Attitudes can be positive, negative, or neutral. Stereotypes are categories that constrain and shape what a person believes about, and expects from, other people. One of the challenges in managing stereotypes is that they are a form of automatic thinking: they spring to mind even if they represent a view that our conscious minds find abhorrent.

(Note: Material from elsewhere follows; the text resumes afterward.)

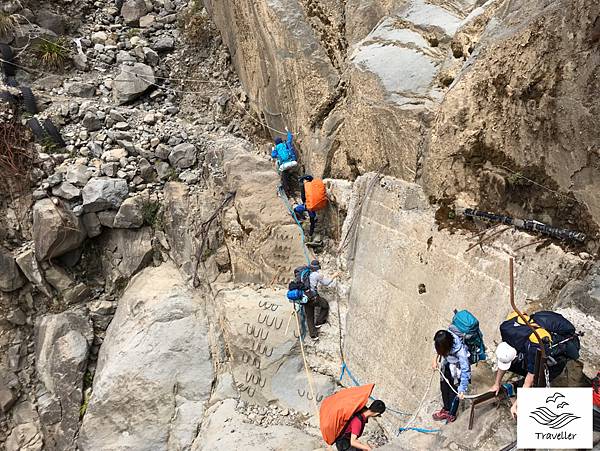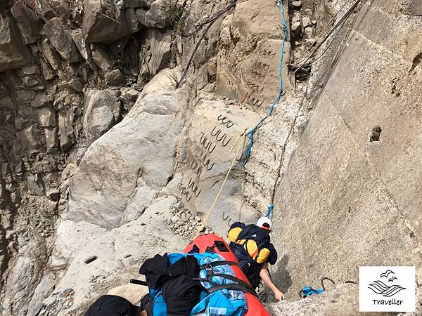 來到第一個攀繩區,各種鋼筋繩索,大家小心的踩著每一步,安全通過。還好今天天氣不錯,石頭鋼筋都不滑,很安全的通過了!

In mediating a cultural property dispute UB is linked to fairness. ‘In the pursuit of fairness, the interest-based framework instructs negotiators to answer the question of distribution by relying on objective criteria. According to the interest-based framework, objective criteria-often found in traditions, customs, scientific findings, and market valuations – are deemed legitimate so long as they are created by a third party and are accepted by a sizeable number of people. These criteria are touted as authoritative benchmarks of what is fair. The central promise of interest-based negotiation is that a fair process based on these fair criteria will guarantee a fair distribution which in turn leads to a fair outcome. The problem with this promise is that: in part, it hinges its guarantee of fairness on the presumed fairness of the criteria themselves. It presupposes that so long as criteria are externally crafted and generally accepted, they are objective and therefore fair. However, many types of criteria relied upon by the interest-based framework to ensure objectivity and fairness are themselves animated by norms that are prejudiced and, in fact, unfair. With the twofold recognition that norms can become embedded in ostensibly objective criteria and that said norms can be unjust and unfair, the promise of fairness seemingly collapses. In the wake of this collapse, negotiators must be prepared to (1) assess which unfair norms, explicit or tacit, are shaping the dynamics of the negotiation and (2) consider how the pursuit of fairness dictates that the norms themselves be renegotiated. It is these (often implicit) norm negotiations that are the most difficult, the most unsettling, the most frightening and the most important. These negotiations can have long-term systemic implications for who gets what and why. This can feel, and often is, existential. … A postcolonial negotiation about land distribution between an indigenous group and a former coloniser is as much about land ownership as it is about the white supremacist norms used to justify the initial land theft. … In short, if interest-based negotiation is to realise its promise of fairness, sources of legitimacy must be reimagined.’ [Eckblad, Ariel ‘In Pursuit of Fairness: Renegotiating Embedded Norms and Reimagining Interest-Based Negotiation’, Harvard Negotiation Law Review, Vol 26:1 Fall 2020, 1-29].